- **TASK REQUIREMENTS**
This exercise calls for retyping every line below exactly, with the images omitted.

- **DATASET EXTRACT**
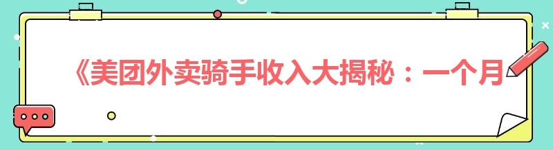 - 《美团外卖骑手收入大揭秘:一个月到底能赚多少钱?》
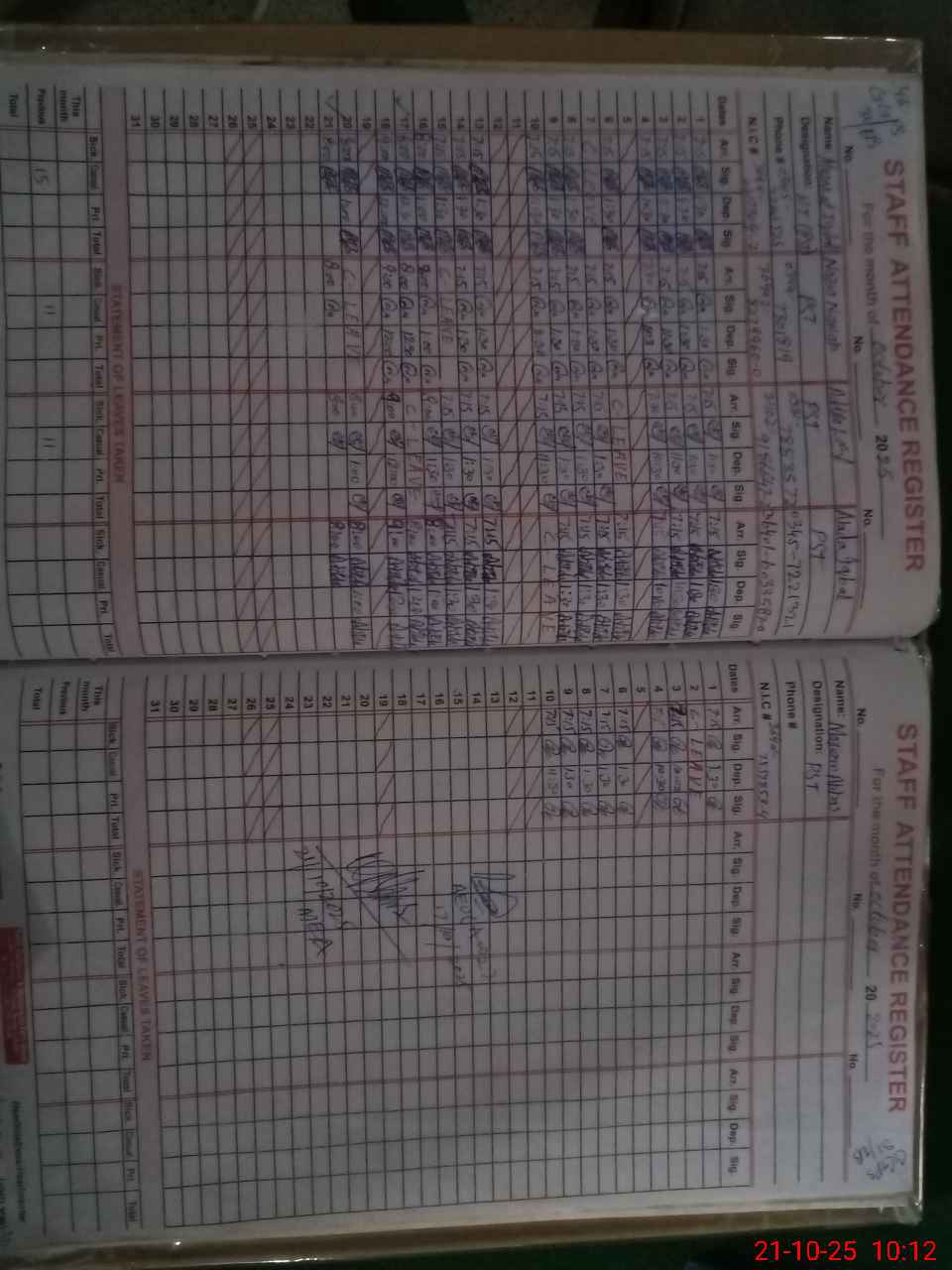 | CNIC | Full Name | Designation | R/C | Absence During Last Calender Month |
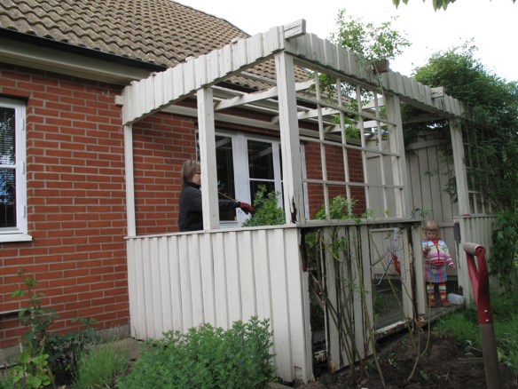 Före. 2010 påbörjades rivningen av den halvruttna verandan. Barnen hjälpte så klart till! Det är kul att slå hårt med en hammare och bända med en kofot!

- **ANSWER FOR THIS EXERCISE**
 - 《美团外卖骑手收入大揭秘:一个月到底能赚多少钱?》
 | CNIC | Full Name | Designation | R/C | Absence During Last Calender Month |
 Före. 2010 påbörjades rivningen av den halvruttna verandan. Barnen hjälpte så klart till! Det är kul att slå hårt med en hammare och bända med en kofot!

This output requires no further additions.